Звон как будто подстегнул безумную. Она хохотала и кидала в меня всем, что попадалось под руку. Я металась по комнате, уворачиваясь то от вазы, то от тяжёлой хрустальной пепельницы, то от стула… Вдруг тётя затихла и остановилась. Тяжело дыша, смотрела через моё плечо, словно там кто-то находился. Я поборола желание оглянуться назад и замерла. Может быть, приступ прошёл?

– Ты прав. Она своё получит, – тихо и отчётливо проговорила невменяемая и, отвернувшись от меня, пошла к окну. – Ты поймёшь со временем… Как с этим жить тебе, я не знаю. – Она оглянулась. Безумия как не бывало. На меня смотрела немолодая женщина, причёска её были растрёпана, но взгляд светился страданием и умом. Тётя Лида открыла окно. Холодный ноябрьский ветер разметал её волосы. «Подышит воздухом и придёт в себя», – мелькнула мысль. Лишь только я с облегчением вздохнула, как тётя Лида вскарабкалась на подоконник. Я кинулась к ней.
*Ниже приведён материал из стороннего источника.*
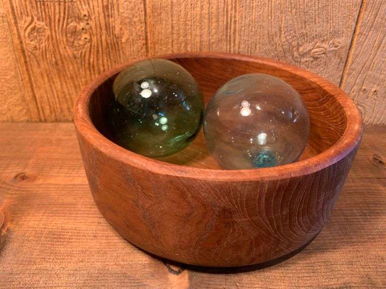 LOT 1211 - Quality Teakwood Bowl & Two Handblown Glass Balls
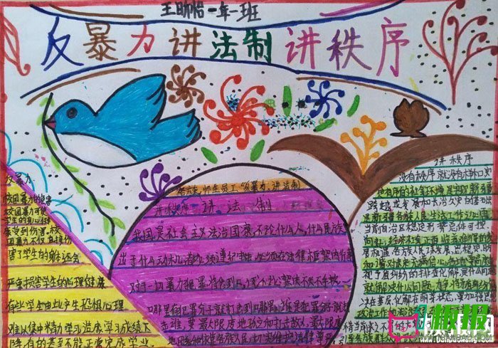 同学们,你们知道吗?学习反恐防暴知识,提高自我防范能力是非常重要的,学校一定要加强反恐演练,提高安全意识,政府要坚决打击恐怖暴力,努力建设平安家园。下面板报网小编为您带来好看的安全教育手抄报图片,反暴力讲法制,希望你们喜欢!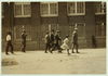 Group going out at noon from the Kilburn Mills. Little girl running is one of the workers.  Location: New Bedford, Massachusetts.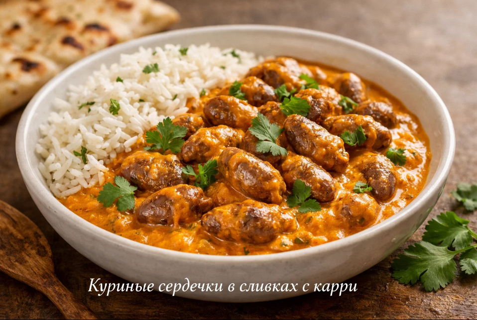 Есть такие рецепты, на которые натыкаешься случайно, а потом готовишь снова и снова. У меня так вышло с куриными сердечками в сливочном соусе с карри. Казалось бы, субпродукт — ничего особенного. Но стоило однажды добавить в сковороду ложку карри и плеснуть сливок, как на кухне повис такой аромат, что домашние начали заглядывать с вопросом «а что это так пахнет?» ещё задолго до того, как блюдо оказалось на столе.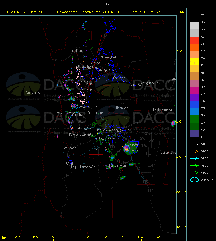 RADAR : SEVERO ECO DE TORMENTA entrando por el sur de General Alvear . con 65dbz (rojo) granizo segun radar pic.twitter.com/EWd8hxgWVL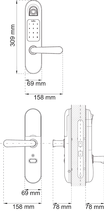 Typ Elektroniskt dörrlås Bredd (mm) 69 Färg Silverfärgad Längd (mm) 309 Material Stål Nyans Silver Modell Tribe 2 Passar till dörrtjocklek (mm) 58-75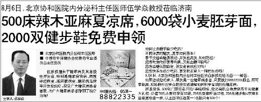 抓紧报名,500张门票现在开抢!亲临现场,您还有机会免费获得千元健康大礼包:价值78元小麦胚芽面12袋,298元亚麻籽油12瓶,298元健步鞋4双辣木亚麻夏凉席一床,以上四项任选其一!名额只有500个!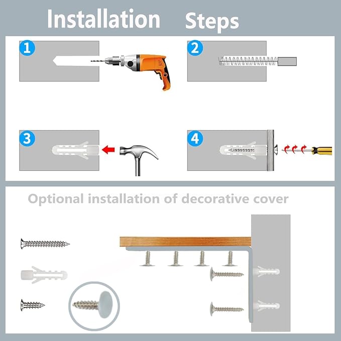 • Package Includes๏ผˆfurniture anchors for baby proofing๏ผ‰: Furniture anchors Use the hardware components included in the package, and baby furniture anchor Package Includes๏ผšAll parts made of high quality steel, includes4 pack Stainless steel bracket, 8 pcs Long wall screws, and 16 pcs Wall anchors 8pack expansion nails plugs y to install with a screwdriver or drill driver.
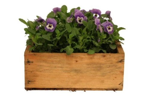 Smukke viola i trækasse, som giver et tæt, farverigt udtryk og passer smukt ved indgangen, på altanen eller terrassen. Viola blomstrer rigt i kølige temperaturer og sætter nye knopper løbende, så kassen fremstår frisk i lang tid. Nipper du visne hoveder af, kommer der hurtigt en ny blomsterbølge. Lad det øverste jordlag tørre let op mellem vandinger, og undgå stående vand i kassen. En let gødning f.eks. hver 2.–3. uge i sæsonen forlænger blomstringen.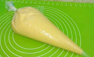 - We plaatsen het deeg in een spuitzak. Gebruik het om de soesjes op een bakplaat met bakpapier te persen.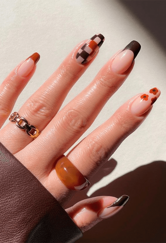 In this tonal nail design, the creative use of two different shades of brown dip powder results in a stunning array of checkerboard patterns on each nail. The intricate and diverse arrangement not only captures the eye but also adds a dynamic and visually captivating dimension to the overall aesthetic.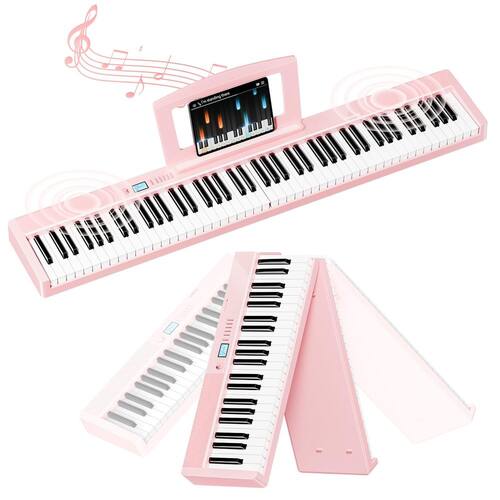 - [Piano dobrável]: o design de forma dobrável recentemente atualizado é utilizado, e uma dobradiça mecânica mais refinada e estável é criada por artesanato requintado, que é forte e firme, se encaixa perfeitamente, pode ser aberta e fechada a 180 graus de forma flexível. O tamanho do teclado do piano após dobrar é de apenas 61,5 x 21,6 x 13 cm. É mais conveniente de carregar e mais livre para jogar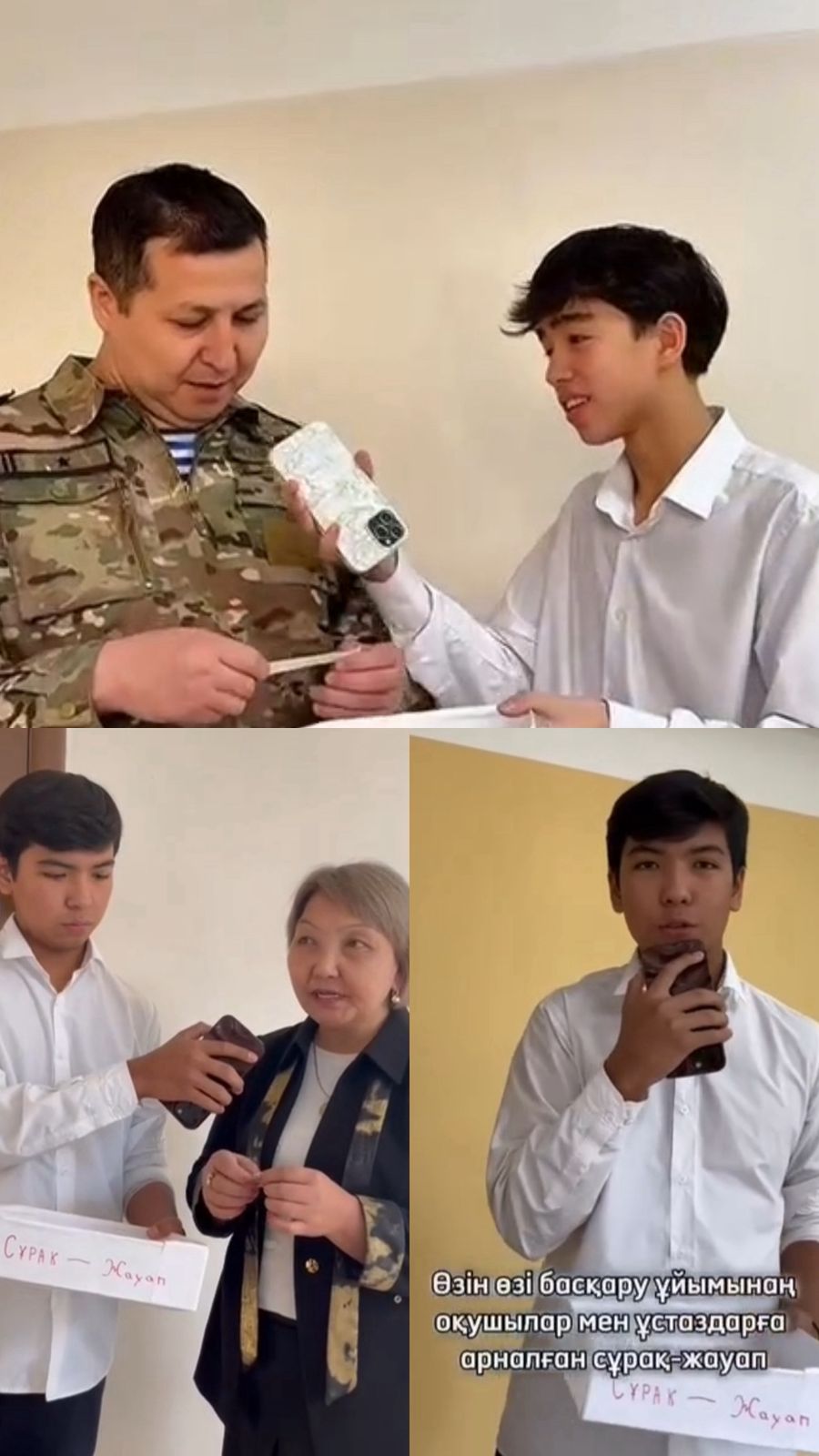 Өзін-өзі басқару ұйымының ұйымдастыруымен “Бірлігі күшті ел озады”тақырыбында ұстаздар мен оқушыларға сұрақ қойып,апта дәйек сөздерін дәріптеді.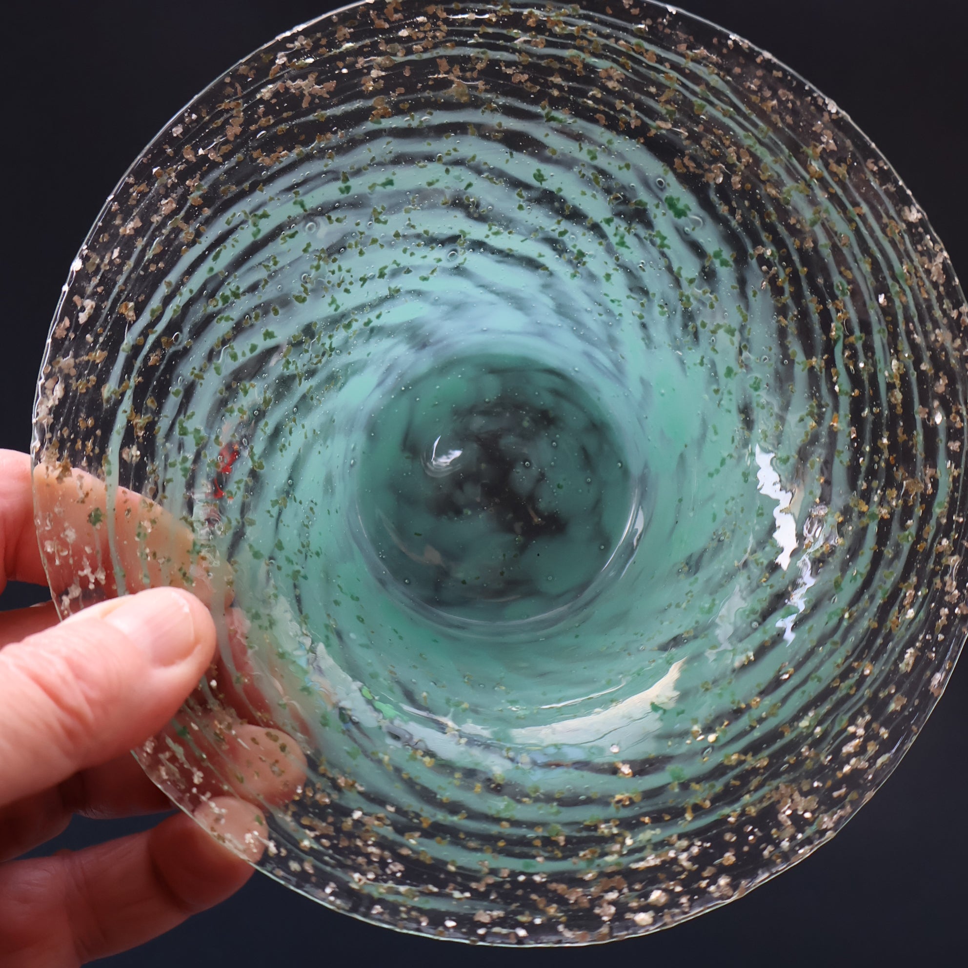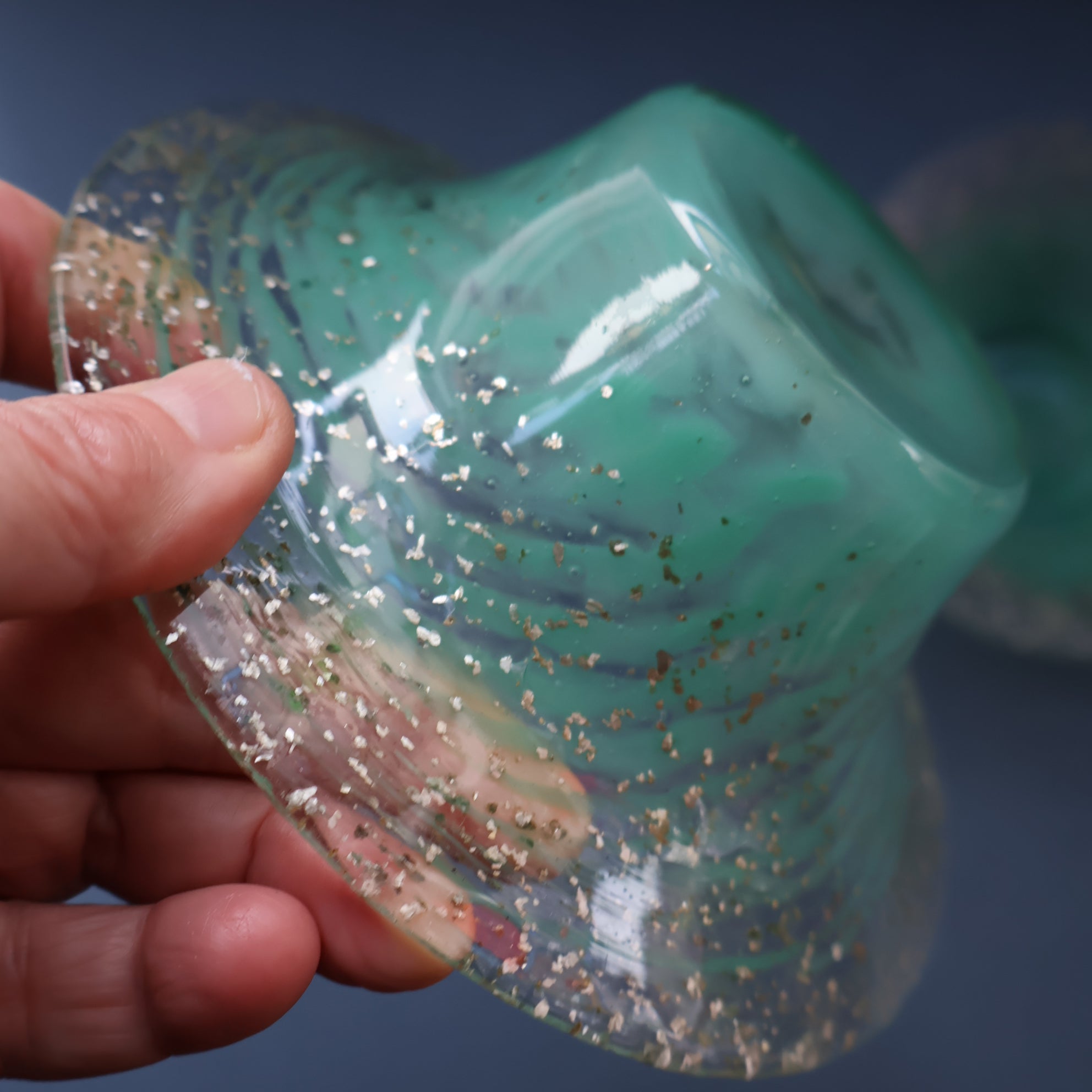 • Load image into Gallery viewer, SCOTTISH GLASS. Collectable Small PAIR of 1930s Monart Bowls. Aqua with Silver Aventurine (G)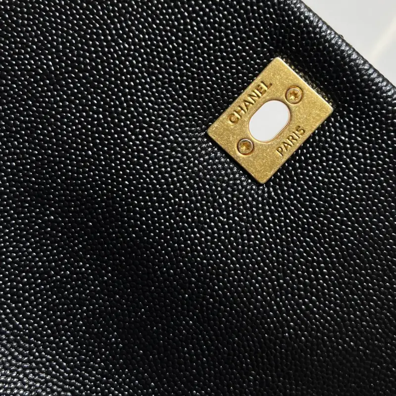 Coco handle-Medium 29cm-Lizard handle-Fine ball caviar leather-Black vintage gold buckle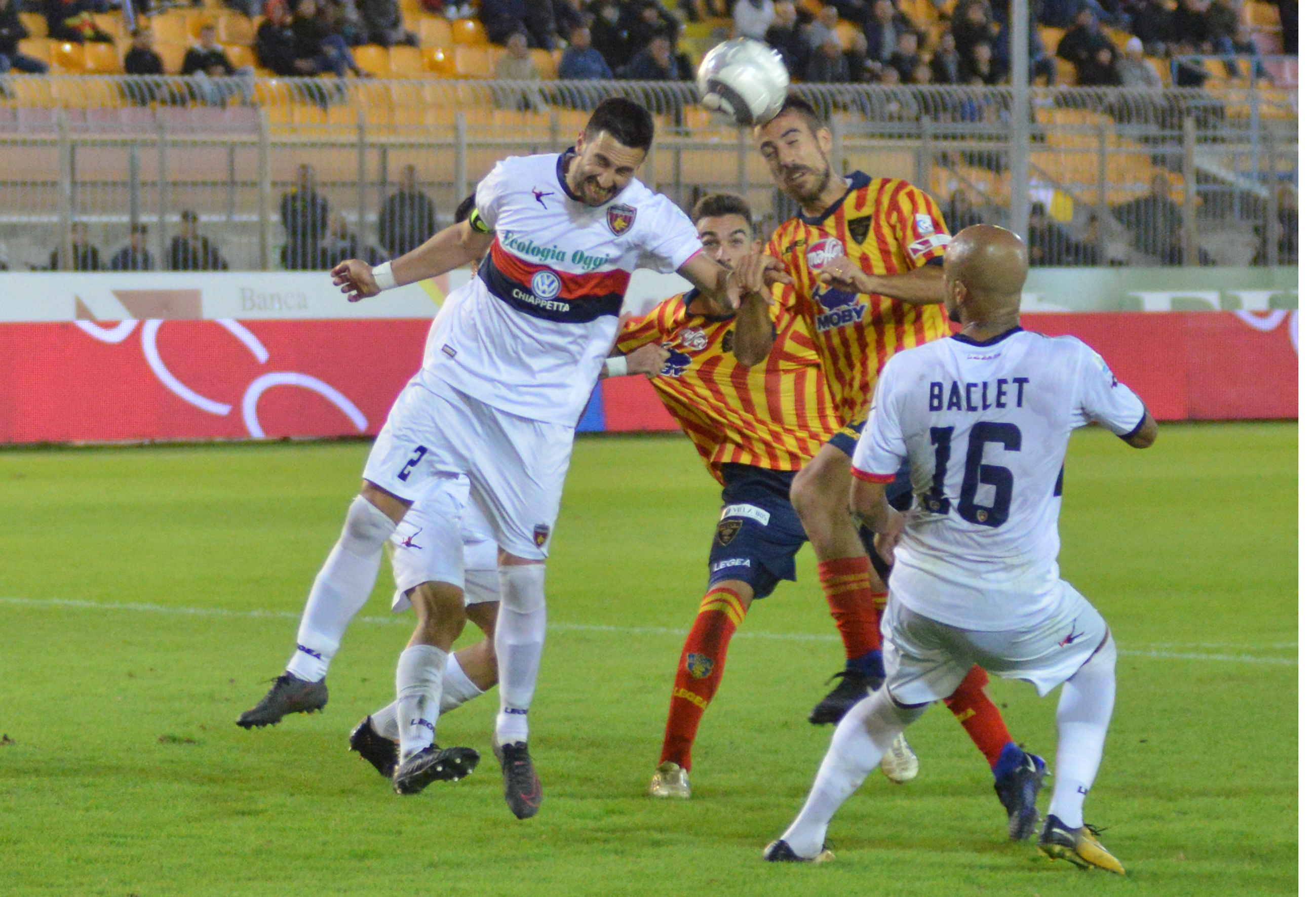 Il Lecce si rende pericoloso al 15mo con una botta mancina di Lepore dalla distanza su cui saracco di distende respingendo la sfera. Al 21mo Cosenza a un passo dal gol. Marino, su pressione di Baclet,perde palla a centrocampo mungo si impossessa della sfera e si presenta solo davanti a Perucchni che riesce a respingere di piede. Al 34mo giallorossi nuovamente vicini al gol con il tiro al volo di Armellino di pochi centimetri a lato. Al 42mo il tiro di Cosenza all’interno dell’area termina alle stelle.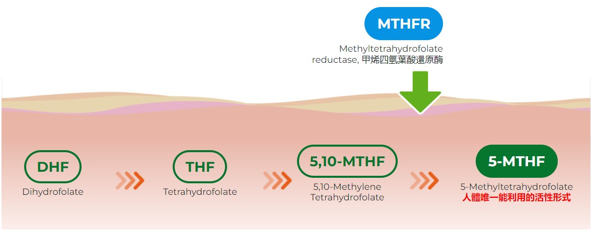MTHFR酵素(Methyltetrahydrofolate reductase, 甲基四氫葉酸還原酶),在葉酸的代謝途徑中,可讓5,10-MTHF轉換為5-MTHF(5-甲基四氫葉酸),才能進行後續的吸收利用。

– Прощай! – услышала я. Подол траурного платья хлестнул меня по лицу, словно пощёчина. Не успела ухватить её… Всё произошло быстро, в удручающей тишине. Как подбитая огромная чёрная птица, она камнем рухнула вниз с девятого этажа. Стоя у раскрытого окна, глядя вниз на расползающееся вокруг головы тёти тёмное пятно, я отрешённо думала о том, что умер ещё один близкий человек. Смерть бродит вокруг, злорадно посмеиваясь, собирает урожай…

Темнота накрыла легко и неожиданно, словно кто-то выключил в комнате свет.

…Я открыла глаза. Трещина на потолке показалась огромной. Надо мной нависал край портьеры. Попыталась сосредоточиться, сообразить, кто я и где нахожусь. Вспомнила в секунду, и вместе с памятью вернулось вязкое чувство горечи. Не без труда села. Дверной звонок разрывался от трелей. Я встала, пошатываясь пошла к двери, сотрясающейся под градом ударов. По дороге спохватилась, что дверь в гостиную не открывается. Но она отворилась от лёгкого движения. Вяло удивилась, что именно могло заклинить. Я как будто существовала отдельно от тела, машинально двигаясь, открыла входную дверь. Во внезапно наступившей тишине увидела двоих милиционеров в форме и с ними соседей.

…Потом были дни, наполненные тоской одиночества, когда не хотелось ровным счётом ничего. Ещё были часы, когда меня мучили вопросами о том, как всё произошло. Пытка заключалась в том, что я бесконечно возвращалась мысленно в день смерти тёти. Чувство вины, тяжким бременем лёгшее на плечи, заставляло просыпаться по ночам в слезах. При всём этом я восприняла уход тёти Лиды не так болезненно, как потерю Ксанки или родителей. Может быть, начала привыкать к смерти вокруг себя. А возможно, всё дело в том, что мы никогда не были с ней близки. Подспудно я всегда чувствовала её неприязнь.

Соседи свидетельствовали о том, что тётя после гибели мужа помешалась. Она неоднократно стучала к ним в двери и просила отдать ей Гену. Странно было то, что никто до этого и словом не обмолвился об этом мне. Дело квалифицировали как несчастный случай.

Партнёр тёти Лиды по бизнесу Олег Юрьевич Штельман помог с похоронами. Мы сидели с ним в ставшей неуютной квартире на кухне, пили чай и долго разговаривали. Он многое рассказал о тёте, какой боевой и смелой она была, как они начинали бизнес с продажи стиральных машин, потом компьютеров, затем вложились в нефть.

– Пока перспективно это направление, буду работать, – сказал он. Помолчав, отпил из чашки остывший чай. – Ангелина… Тебе достанется большое, даже по западным меркам, наследство. Не говоря о квартире в центре Москвы, даче, есть ещё компания, а это сама понимаешь, живые деньги.